FARMINGTON — The University of Maine at Farmington Department of Geology has been awarded a $20,000 Quimby Family Foundation grant to study the effects of climate change on high elevation ponds in Maine.

This grant was awarded to Julia Daly, UMF associate professor of geology, and is one of only two Quimby Family Foundation grants to be received by a university within the University of Maine System since the grant’s inception.

“I was thrilled when I received the notice from the Quimby Family Foundation,” Daly said. “I knew this was a very competitive year, but I also knew the significance of this research and the answers that were possible because of it.”

An outgrowth of a smaller-scale pilot study conducted by Daly, the high elevation pond research project will concentrate on field research conducted during the summer of 2010. It focuses on the use of student research to better understand how water temperature variability in ponds affects pond geology and the sensitive life forms in that enclosed environment.
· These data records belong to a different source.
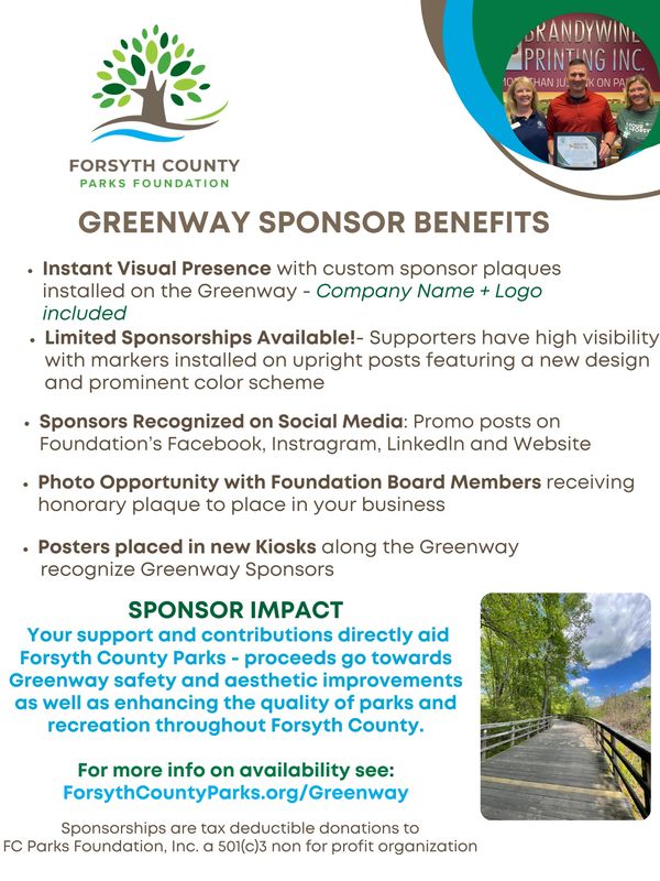 Your support and contributions aid Forsyth County Parks - Proceeds go to Greenway safety and aesthetic improvements as well as enhancing the quality of parks and recreation in Forsyth County.
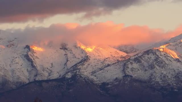 Panning view of icy landscape during bright colorful sunset on Utah Lake.
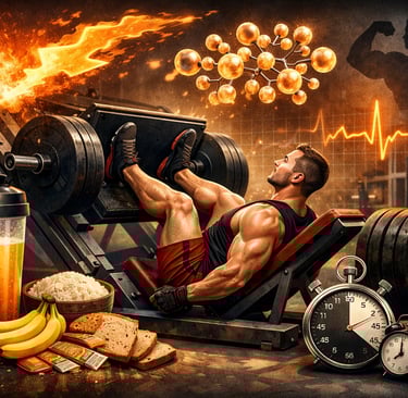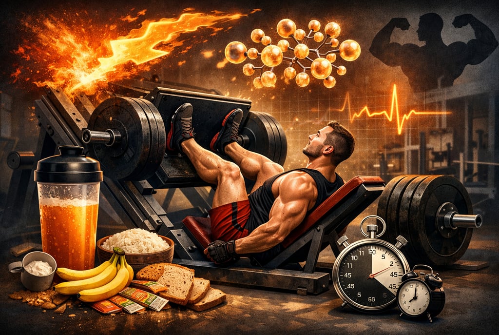 Treinos que envolvem grandes massas musculares (como o agachamento) geram maior fadiga metabólica. Os estudos mostraram que o carboidrato brilha especialmente em treinos de membros inferiores, onde o gasto energético é massivo.
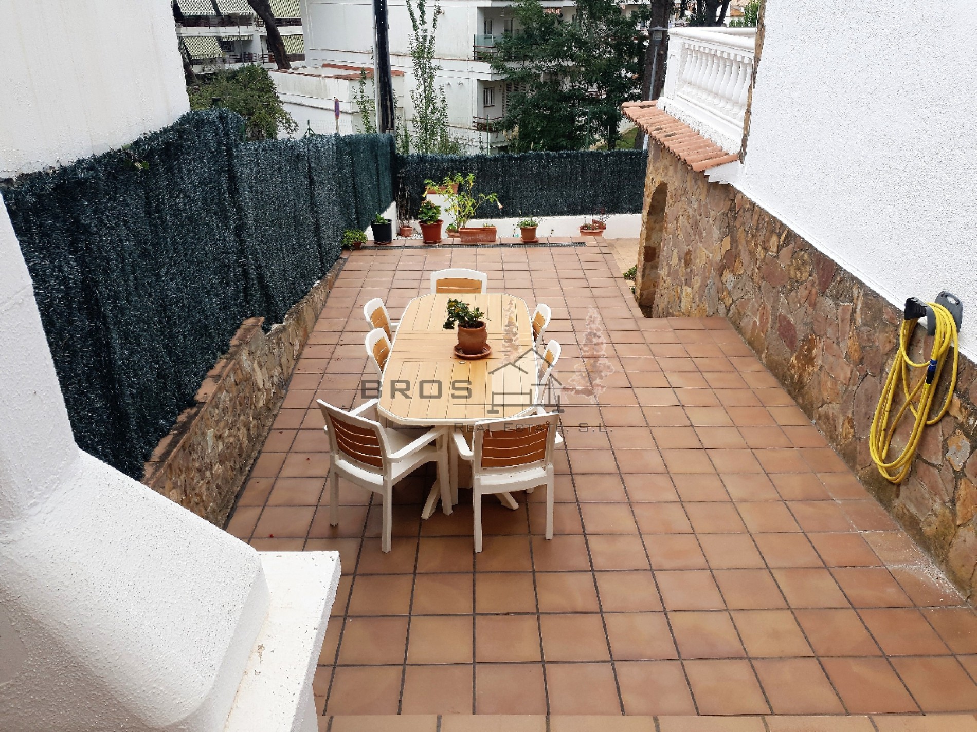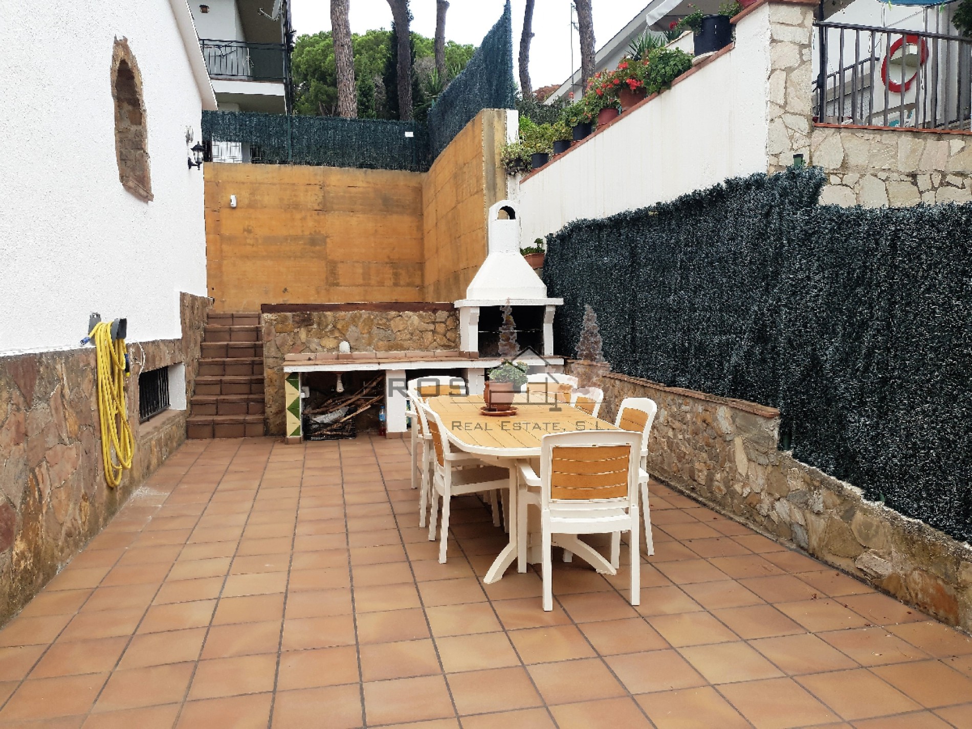 A escasos metros del centro de Platja d’Aro, chalet construido en el año 1991, tiene una superficie de 366 m2 construidos sobre una parcela de 563 m2 según catastro. Se distribuye en planta bajo rasante, planta principal y planta piso acabado en teja árabe.

Data for the study will be gathered at Maine ponds on Tumbledown Mountain and Bigelow Mountain, with other potential sites on the Appalachian Trail.

Funds from the grant will provide stipends for three students, purchase new weather station monitoring equipment and help pay for related research expenses. The three UMF students chosen for the selective undergraduate research project will be determined by Daly based on their academic standing and level of outdoor skills and experience.

These student researchers will be hiking to all of the ponds in the study and using a small inflatable kayak to deploy data loggers in the waters. Water temperature readings will then be collected by the students, analyzed, and used to develop a baseline to determine changes in the ponds over time.

“This is a tremendous opportunity for UMF students to become engaged in a real world problem and see what kind of impact climate change is having on sensitive mountain areas in western Maine,” Daly said.

She hopes this initial year will be a springboard to establish this research project in the future, producing valuable data that will help local and state agencies preserve this fragile Maine environment.

The Quimby Family Foundation was formed in 2004 by Roxanne Quimby a businesswoman, environmentalist and philanthropist. The mission of this organization is to advance wilderness values and to increase access to the arts throughout Maine.